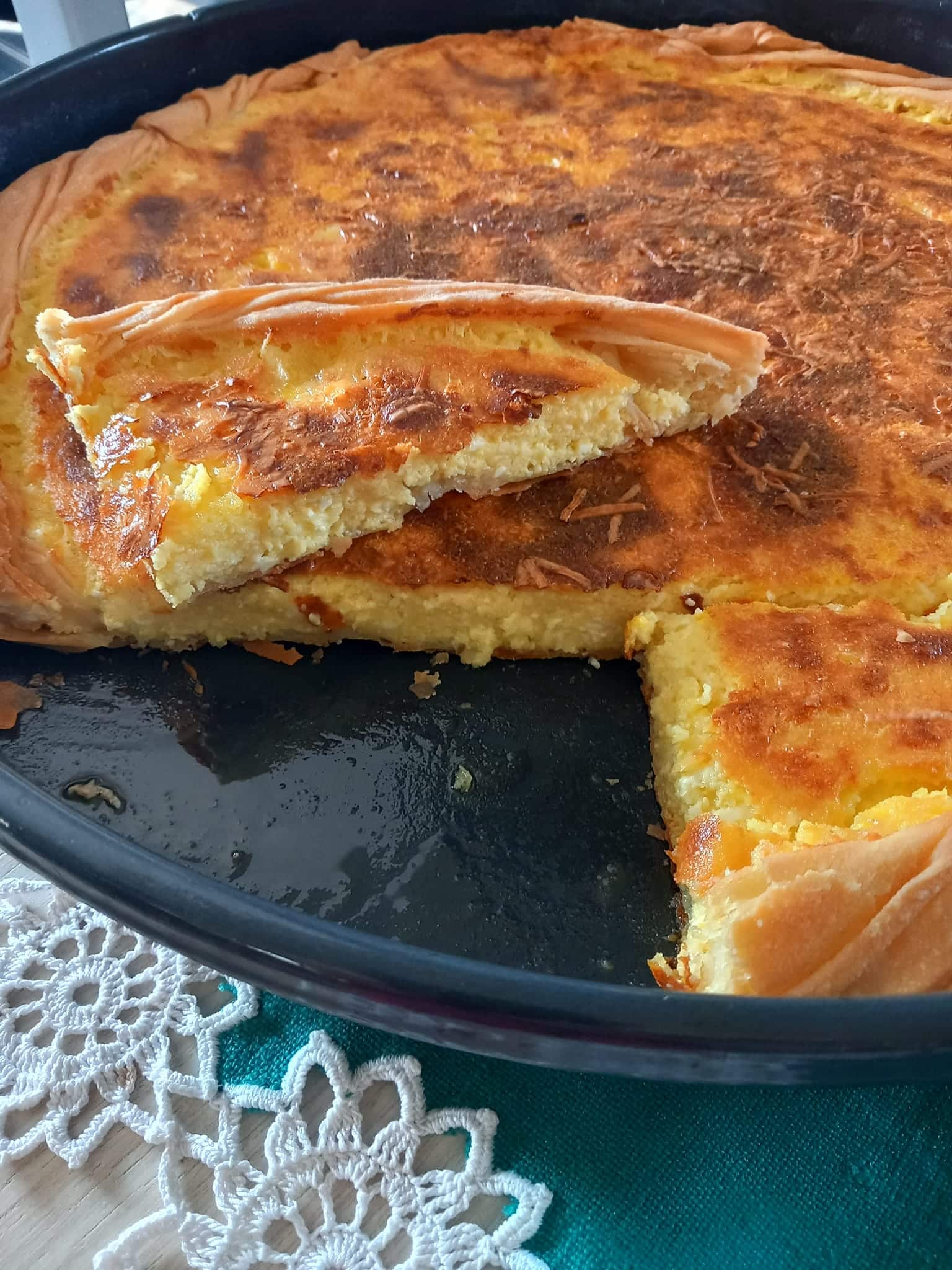 Αφού κρυώσει λίγο προσθέτουμε 200 γρ μυζηθρα σλλο τόσο φέτα και λίγο κεφαλοτυρι.
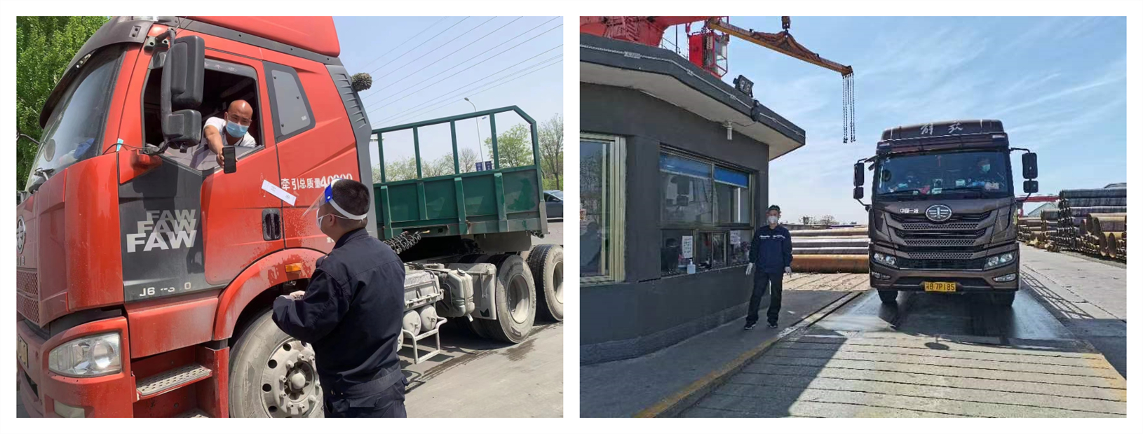 疫情防控不放松,生產(chǎn)發(fā)展不懈怠。復(fù)工復(fù)產(chǎn)后,公司抽調(diào)精干人員,成立物流運(yùn)輸閉環(huán)防控巡查小組,實(shí)行物流運(yùn)輸點(diǎn)對(duì)點(diǎn)閉環(huán)管理,確保零輸入,零感染,保障公司經(jīng)營平穩(wěn)過渡、物流運(yùn)輸高效通暢。目前,公司僅開放一個(gè)出入口,門崗安排專人對(duì)車輛實(shí)施消殺,保衛(wèi)人員按規(guī)定查驗(yàn)司乘人員及出入人員健康碼、行程碼、48小時(shí)核酸證明,檢測(cè)體溫,檢查封條是否完好,并進(jìn)行車輛信息登記。同時(shí)提醒并要求司乘人員全程不得下車,切實(shí)做到閉環(huán)管理。
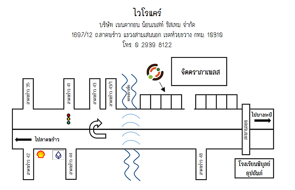การเดินทางมา บริษัทไวโรแคร์ แมเนจเมนท์ จำกัด (Virocare) ตั้งอยู่ริมถนนลาดพร้าวระหว่างซอย 43/1 กับซอย 43/2 ก่อนถึงตลาดสะพาน-2 (บริษัทอยู่ตรงข้ามลาดพร้าว ซอย 48)
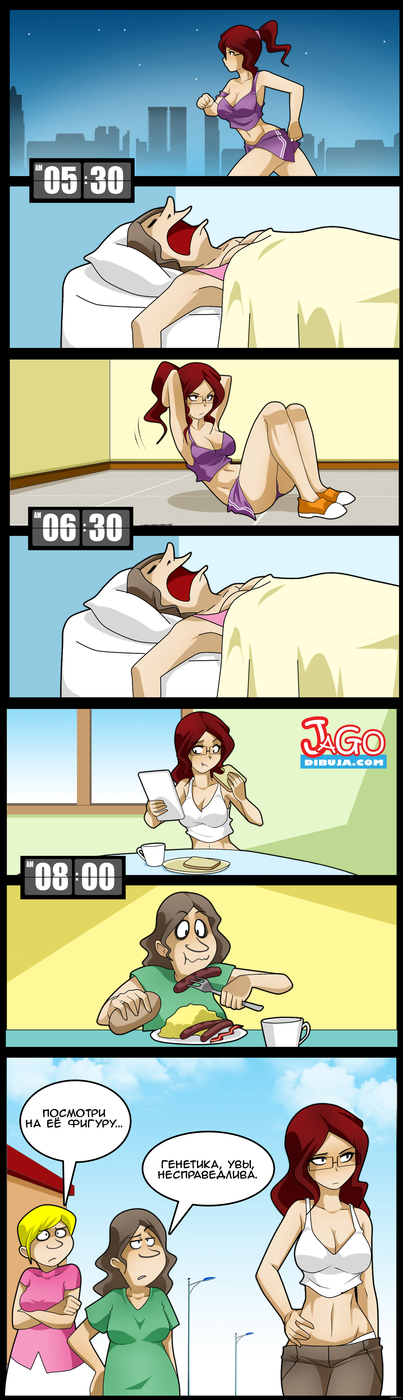 Доля правды в последней картинке есть,от рождения кто-то склонен к полноте или наоборот. Кому-то что бы достичь результата надо куда больше времени, но уповать и жаловаться исключительно на генетику полных маразм и желание оправдать свою лень.
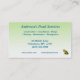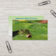 This business card advertises a pond service company which does pond planning, design, construction, maintenance, cleaning and management. It features a small green frog peering out from under lily pads. Luminous water droplets glow on the pads of this well-constructed pond. All text can be customized to suit your individual business.
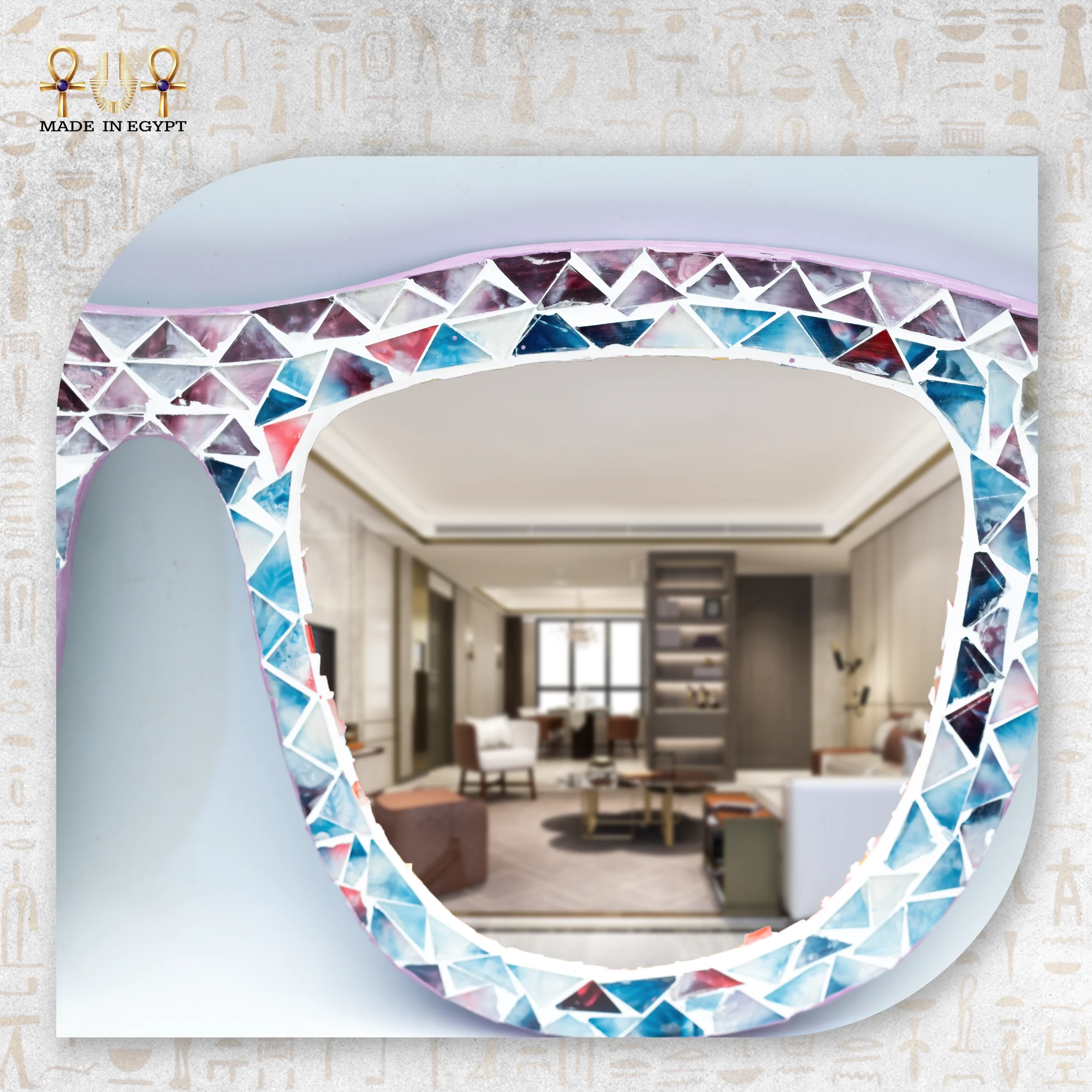 تُعد مرآة ستايل النظارة قطعة ديكور عصرية تجمع بين البساطة والجرأة في تصميم مستوحى من شكل النظارات الشمسية الأنيقة. يعكس هذا التصميم روح الموضة والستايل العصري، مما يجعلها إضافة مثالية لأي مساحة تبحث عن لمسة مختلفة ومميزة.
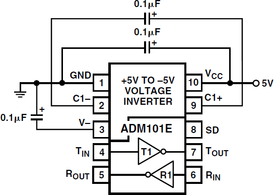 Single Transmitter/Receiver RS-232 10-Pin MSOP T/R
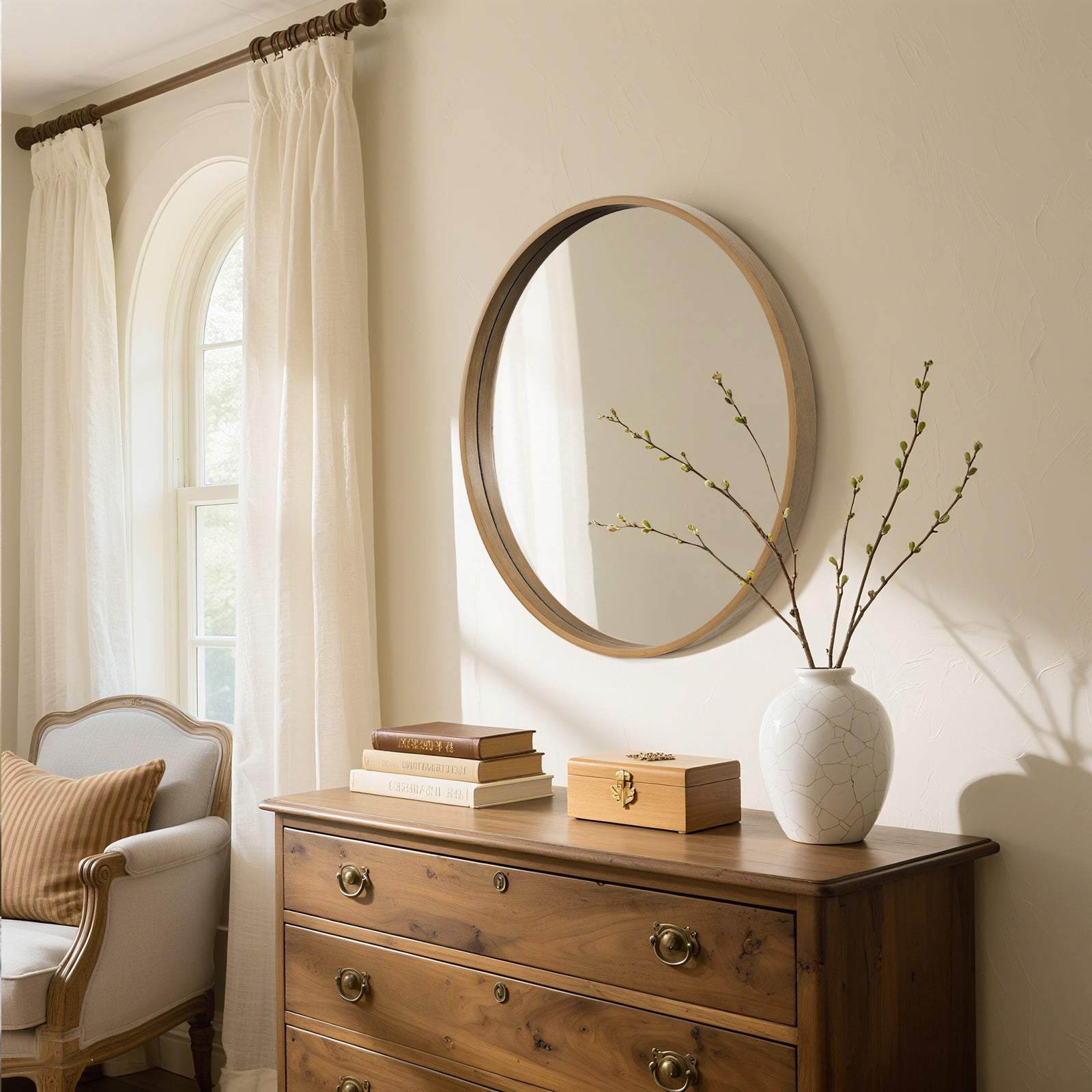 Love this mirror, arrived as expected, timely and undamaged, good packaging. The color is a bit darker than I expected, almost requested an exchange but at the end of the day it still fits in with my other furniture so I decided to keep it. It enhances my mid-century theme well.
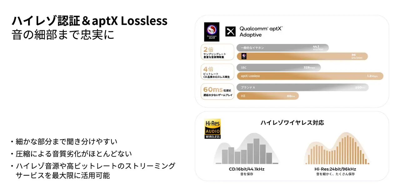 | 対応コーデック | SBC/AAC/LDAC/aptX/aptX Adaptive/aptX Lossless |
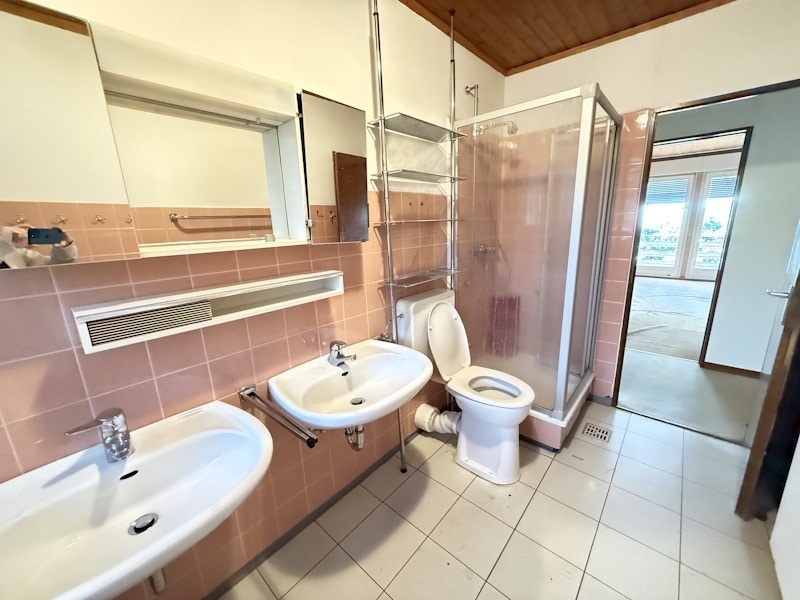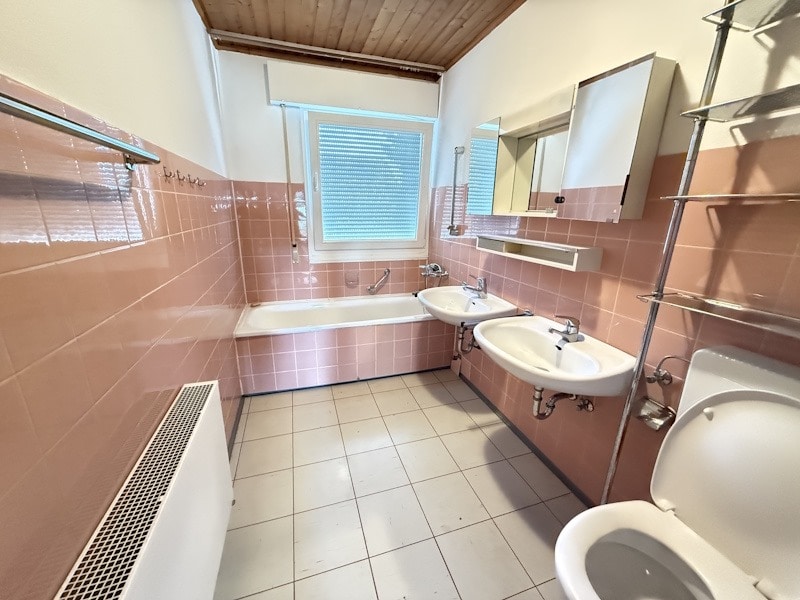 Kellergeschoss / Souterrain: ELW (vermietet) mit 2 Zimmer, Küche, Bad, GWC, Kellerraum, 2 Zimmer, Waschküche, Heizungsraum
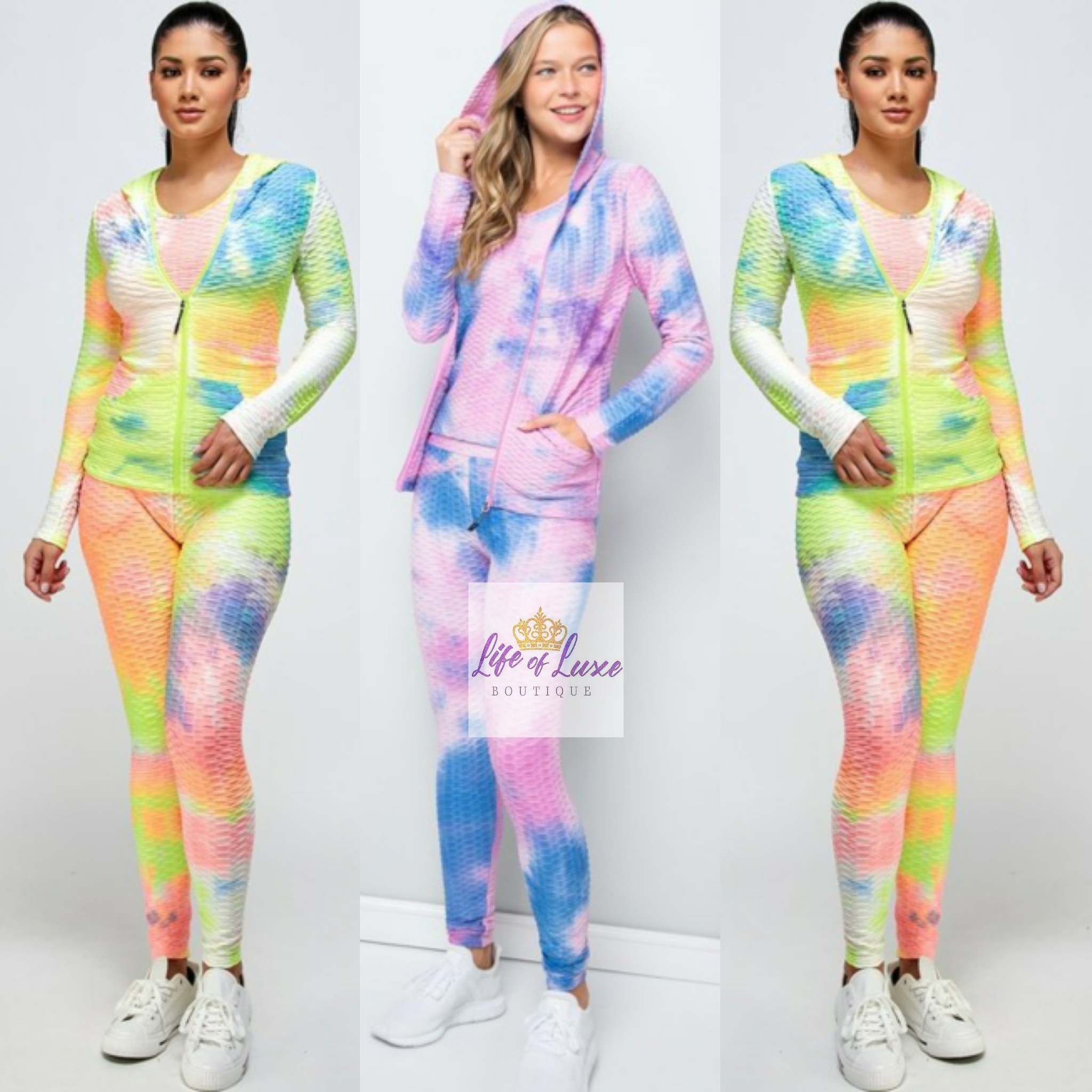 PURPLE TIE DYE SCRUNCH LEGGING 3 PIECE SPORT SET
· · · · · · ·
Assigned task » All lines from the beginning of the entries above to the line containing "Доля правды в", inclusive, should be printed exactly, apart from the pictures.

Finished task »
 Αφού κρυώσει λίγο προσθέτουμε 200 γρ μυζηθρα σλλο τόσο φέτα και λίγο κεφαλοτυρι.
 疫情防控不放松,生產(chǎn)發(fā)展不懈怠。復(fù)工復(fù)產(chǎn)后,公司抽調(diào)精干人員,成立物流運(yùn)輸閉環(huán)防控巡查小組,實(shí)行物流運(yùn)輸點(diǎn)對(duì)點(diǎn)閉環(huán)管理,確保零輸入,零感染,保障公司經(jīng)營平穩(wěn)過渡、物流運(yùn)輸高效通暢。目前,公司僅開放一個(gè)出入口,門崗安排專人對(duì)車輛實(shí)施消殺,保衛(wèi)人員按規(guī)定查驗(yàn)司乘人員及出入人員健康碼、行程碼、48小時(shí)核酸證明,檢測(cè)體溫,檢查封條是否完好,并進(jìn)行車輛信息登記。同時(shí)提醒并要求司乘人員全程不得下車,切實(shí)做到閉環(huán)管理。
การเดินทางมา บริษัทไวโรแคร์ แมเนจเมนท์ จำกัด (Virocare) ตั้งอยู่ริมถนนลาดพร้าวระหว่างซอย 43/1 กับซอย 43/2 ก่อนถึงตลาดสะพาน-2 (บริษัทอยู่ตรงข้ามลาดพร้าว ซอย 48)
 Доля правды в последней картинке есть,от рождения кто-то склонен к полноте или наоборот. Кому-то что бы достичь результата надо куда больше времени, но уповать и жаловаться исключительно на генетику полных маразм и желание оправдать свою лень.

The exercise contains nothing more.